In quel momento però c'era solo una cosa da fare. Si allontanò dagli strani simboli lasciati sul pavimento, avvicinandosi al bambino, il quale guardava ancora il punto in cui, fino a poco prima, un uomo moriva in un modo tremendo. E pensare che il principe si era persino preoccupato di non utilizzare la spada per evitare che in qualche modo Merlino ne rimanesse marchiato a vita, ma lo spettacolo a cui avevano appena assistito era stato forte per lui, che di morti ne aveva viste diverse, figuriamoci per un bambino.

Toccò leggermente la spalla del piccolo: sapeva come comportarsi in certe situazioni con gli adulti, più vicini a questa crudele realtà piuttosto che con un bambino. Ma non dovette preoccuparsi troppo: Merlino, non appena sentì l'unico tocco familiare che poteva conoscere e riconscere, si gettò tra le braccia del principe, scoppiando in un pianto a dirotto.
Il futuro sovrano lo sollevò e si posizionò sul letto, con il suo servitore ancora attaccato al suo collo.
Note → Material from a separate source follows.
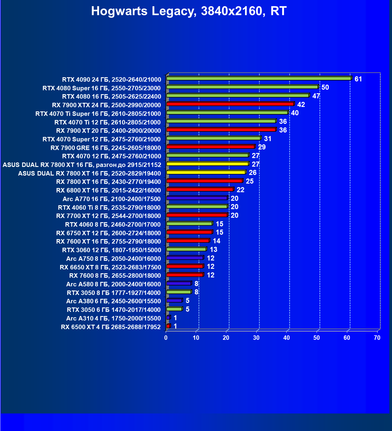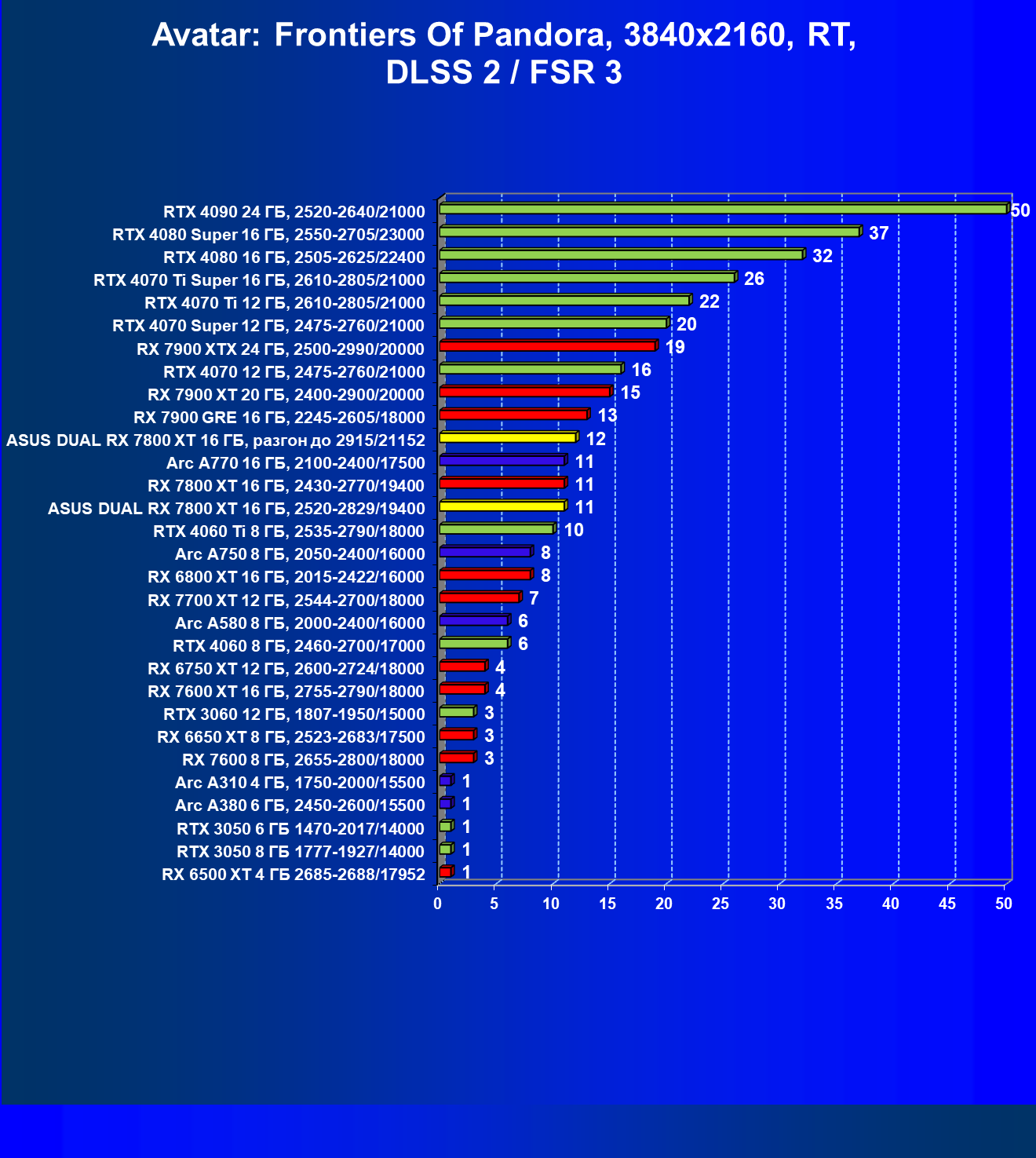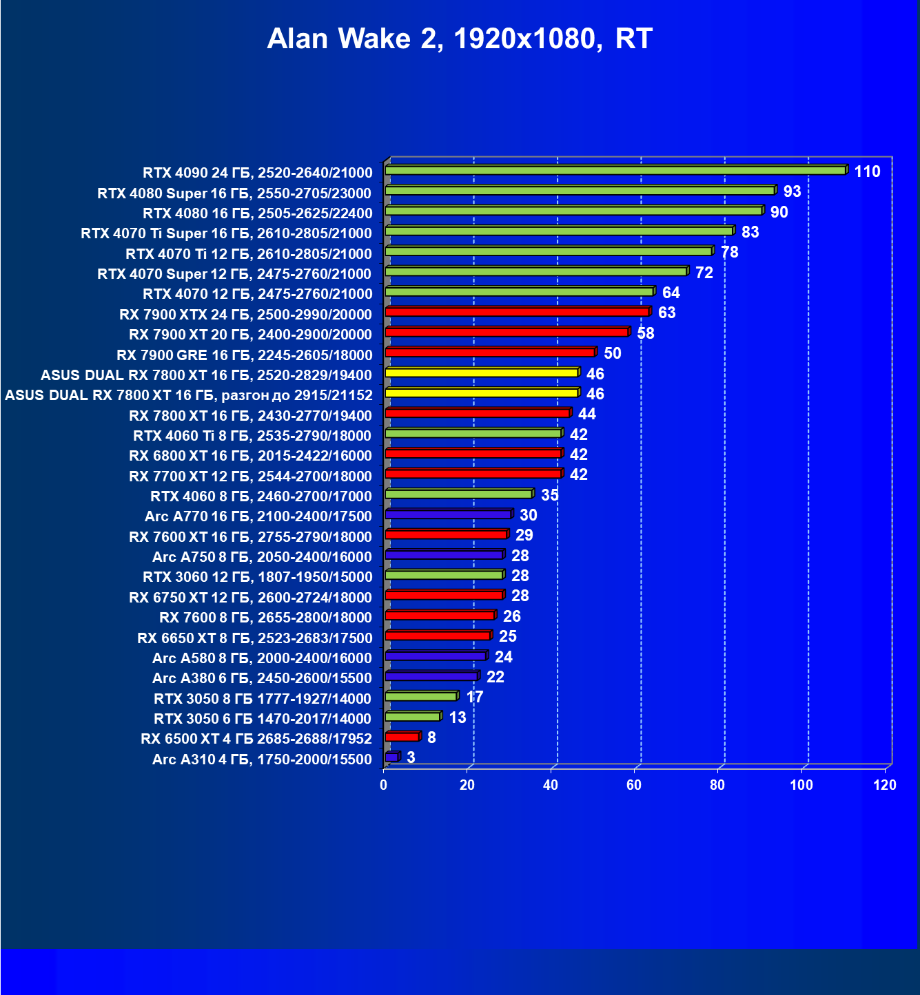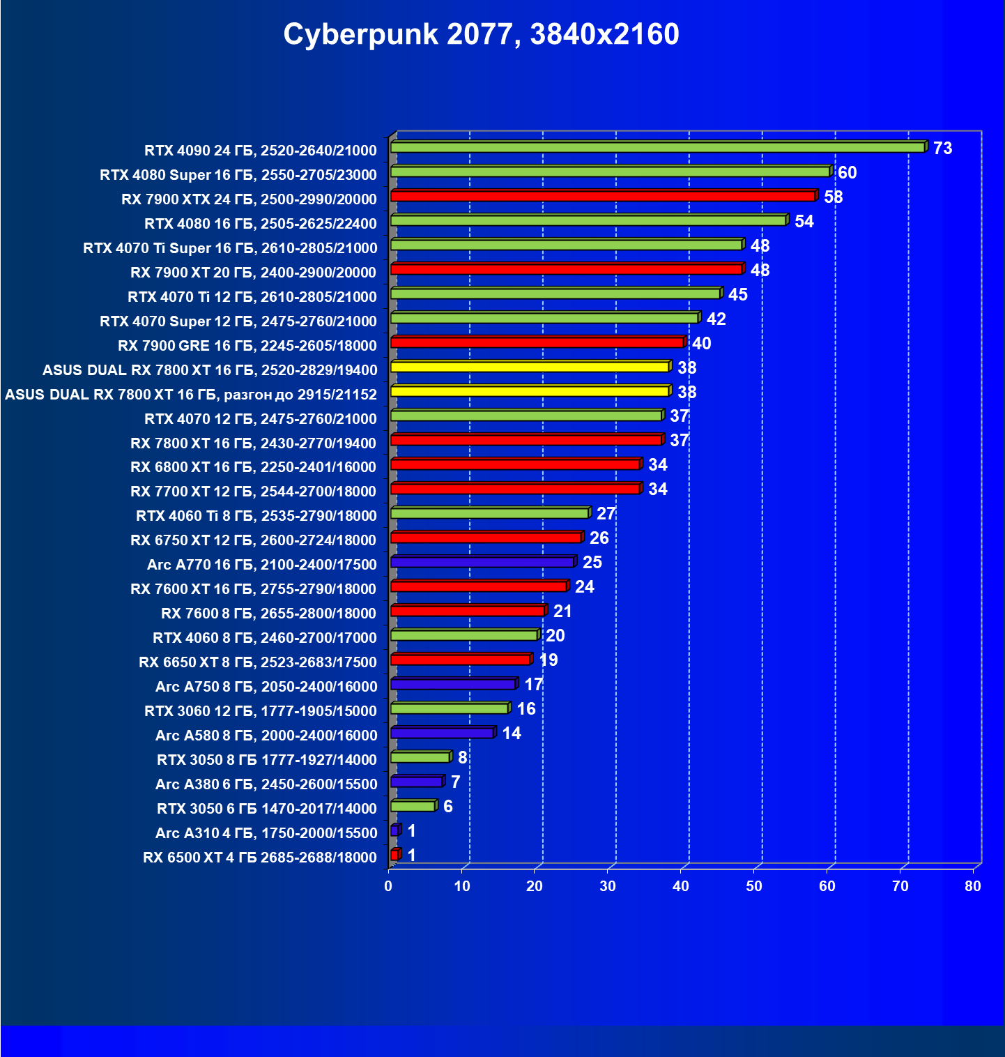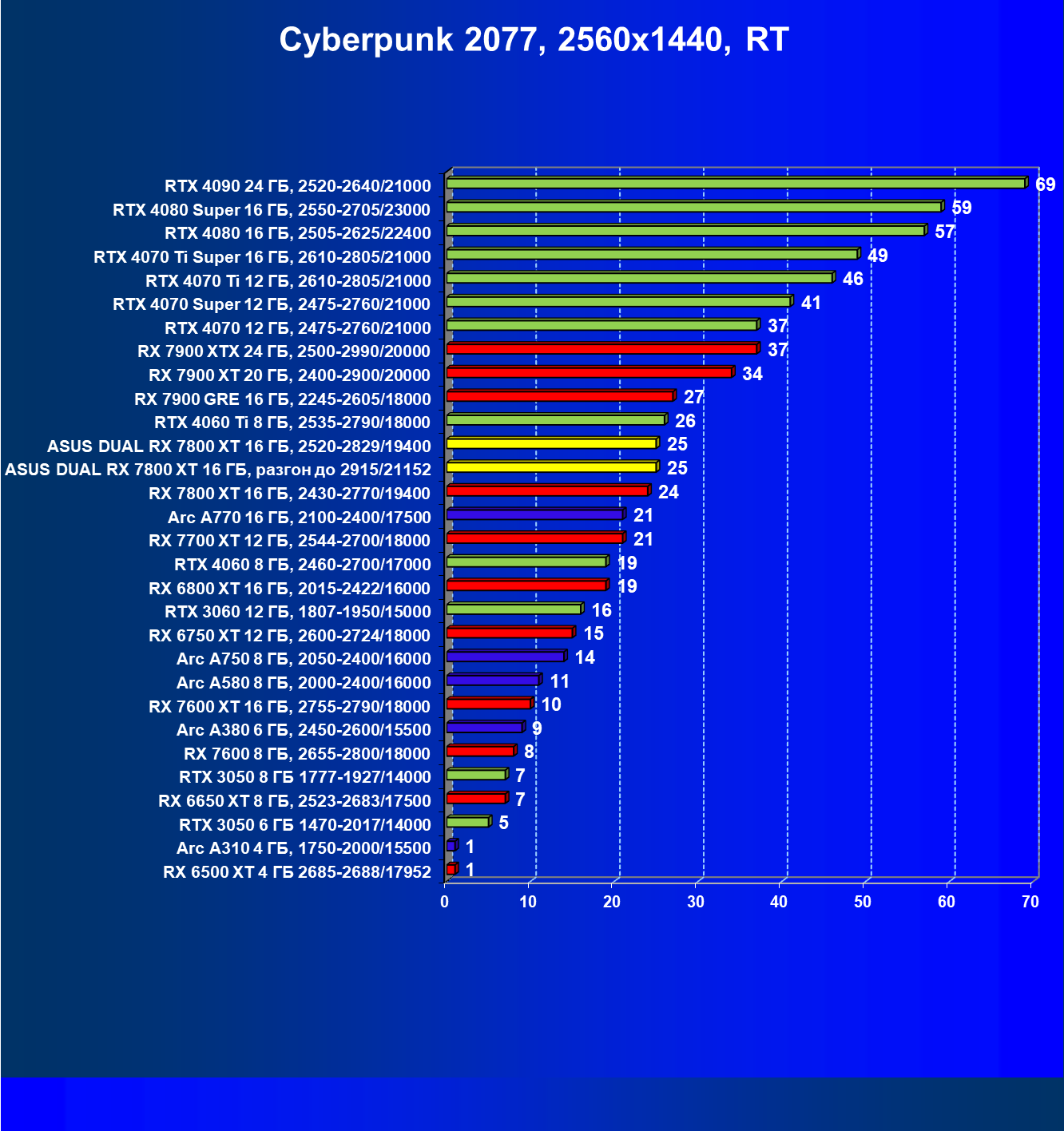 | 11 | Asus Dual RX 7800 XT 16 ГБ, разгон до 2915/21152 | 310 | 1769 | 57 000 |

Artù lo lasciò sfogarsi, iniziando ad accarezzargli la schiena, desideroso di calmare almeno in parte quel terribile pianto. La cosa funzionò: il piccolo poco a poco iniziò a traquillizzarsi, fino a quando non si addormentò nuovamente. L'unica differenza era che ora ci sarebbe stato Artù a vegliare su di lui: si promise di non lasciarlo solo nemmeno per un istante, che fosse giorno o che fosse notte.
"Non permetterò che ti accada nulla" sussurrò il principe sulla testa di Merlino, il quale, come se avesse sentito le sue parole, si fece più vicino al petto dell'uomo.

Fu un sonno senza sogni per entrambi.